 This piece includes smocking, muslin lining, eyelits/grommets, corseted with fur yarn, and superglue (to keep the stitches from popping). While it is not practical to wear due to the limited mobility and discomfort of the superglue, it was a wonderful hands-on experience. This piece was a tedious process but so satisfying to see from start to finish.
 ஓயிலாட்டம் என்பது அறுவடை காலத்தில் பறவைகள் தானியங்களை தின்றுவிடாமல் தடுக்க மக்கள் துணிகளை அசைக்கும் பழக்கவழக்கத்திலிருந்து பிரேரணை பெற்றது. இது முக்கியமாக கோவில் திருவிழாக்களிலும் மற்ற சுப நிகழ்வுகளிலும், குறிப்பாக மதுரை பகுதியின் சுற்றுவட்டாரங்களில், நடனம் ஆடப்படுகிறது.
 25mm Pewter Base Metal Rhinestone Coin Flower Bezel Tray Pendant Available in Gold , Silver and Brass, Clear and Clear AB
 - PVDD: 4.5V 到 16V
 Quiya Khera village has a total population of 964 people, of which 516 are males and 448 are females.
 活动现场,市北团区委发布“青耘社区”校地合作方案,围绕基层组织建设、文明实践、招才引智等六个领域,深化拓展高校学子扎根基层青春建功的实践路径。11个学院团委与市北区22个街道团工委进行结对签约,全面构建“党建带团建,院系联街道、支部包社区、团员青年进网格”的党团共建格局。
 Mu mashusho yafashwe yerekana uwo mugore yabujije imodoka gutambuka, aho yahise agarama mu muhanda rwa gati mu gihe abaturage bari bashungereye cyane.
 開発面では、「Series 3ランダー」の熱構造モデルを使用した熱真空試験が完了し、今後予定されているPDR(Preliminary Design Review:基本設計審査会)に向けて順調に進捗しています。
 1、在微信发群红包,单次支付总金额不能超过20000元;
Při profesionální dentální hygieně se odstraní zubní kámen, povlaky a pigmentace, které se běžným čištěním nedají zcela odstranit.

» Your objective
Your answer must consist only of the lines from the start of the records above through the line with "Mu mashusho yafashwe", each retyped exactly.

» Response for this exercise
 This piece includes smocking, muslin lining, eyelits/grommets, corseted with fur yarn, and superglue (to keep the stitches from popping). While it is not practical to wear due to the limited mobility and discomfort of the superglue, it was a wonderful hands-on experience. This piece was a tedious process but so satisfying to see from start to finish.
 ஓயிலாட்டம் என்பது அறுவடை காலத்தில் பறவைகள் தானியங்களை தின்றுவிடாமல் தடுக்க மக்கள் துணிகளை அசைக்கும் பழக்கவழக்கத்திலிருந்து பிரேரணை பெற்றது. இது முக்கியமாக கோவில் திருவிழாக்களிலும் மற்ற சுப நிகழ்வுகளிலும், குறிப்பாக மதுரை பகுதியின் சுற்றுவட்டாரங்களில், நடனம் ஆடப்படுகிறது.
 25mm Pewter Base Metal Rhinestone Coin Flower Bezel Tray Pendant Available in Gold , Silver and Brass, Clear and Clear AB
 - PVDD: 4.5V 到 16V
 Quiya Khera village has a total population of 964 people, of which 516 are males and 448 are females.
 活动现场,市北团区委发布“青耘社区”校地合作方案,围绕基层组织建设、文明实践、招才引智等六个领域,深化拓展高校学子扎根基层青春建功的实践路径。11个学院团委与市北区22个街道团工委进行结对签约,全面构建“党建带团建,院系联街道、支部包社区、团员青年进网格”的党团共建格局。
 Mu mashusho yafashwe yerekana uwo mugore yabujije imodoka gutambuka, aho yahise agarama mu muhanda rwa gati mu gihe abaturage bari bashungereye cyane.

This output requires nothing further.